Russia Tells Oil Producers to Cut Output by 20%: Report

The Russian Energy Ministry has told domestic oil producers to reduce oil output by about 20% from their average February levels, Bloomberg reported on Monday citing two sources with knowledge of the matter.

The amount would bring Moscow in line with its commitment under a global deal with OPEC. The oil cartel and other large oil producers led by Russia, a group known as Opec+, agreed to cut their combined oil output by 9.7-million barrels per day (bpd) in May and June to combat oversupply triggered by the coronavirus crisis.

With other countries, such as the U.S. and Norway, which are not a party to the OPEC+ deal, the reduction in total global oil output could be 20-million bpd, or a fifth of the world’s oil production.

Under the deal, Moscow has to cut its oil production by 2.5-million bpd from May, using the reference level of 11-million bpd — the figure that includes crude oil only and exempts gas condensate, a type of light oil.

Russia, where output of a gas condensate stands at 600,000-700,000 bpd, does not give breakdown for production of oil and gas condensate. In February, the combined output stood at 11.29-million bpd.

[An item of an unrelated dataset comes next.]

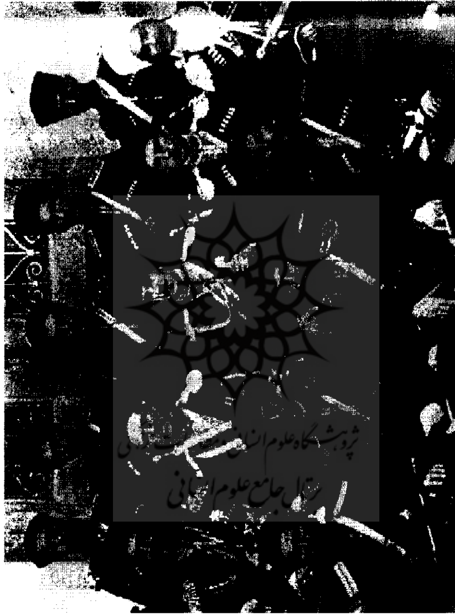
سرهنگ رضاخان در میان جمعی از افسران ایرانی و روسی تزارخانه | ۵۷۱-۱۲۲۴

The energy ministry and leading oil producers did not immediately respond to requests for comment. Export volumes, unlike production, have not been limited by the global deal.

Vagit Alekperov, head of Russia’s number two oil producer, Lukoil, told Interfax the company would reduce its output by 40,000 tonnes per day (290,000 bpd).

Russian companies have significantly revised down their plans for oil exports in May following the global oil output cut deal by Opec+, three company sources and two traders told Reuters on Thursday.

So far in April, oil and gas condensate production in Russia stood at 11.27-million bpd, an energy industry source said, down from 11.29-million bpd on average last month.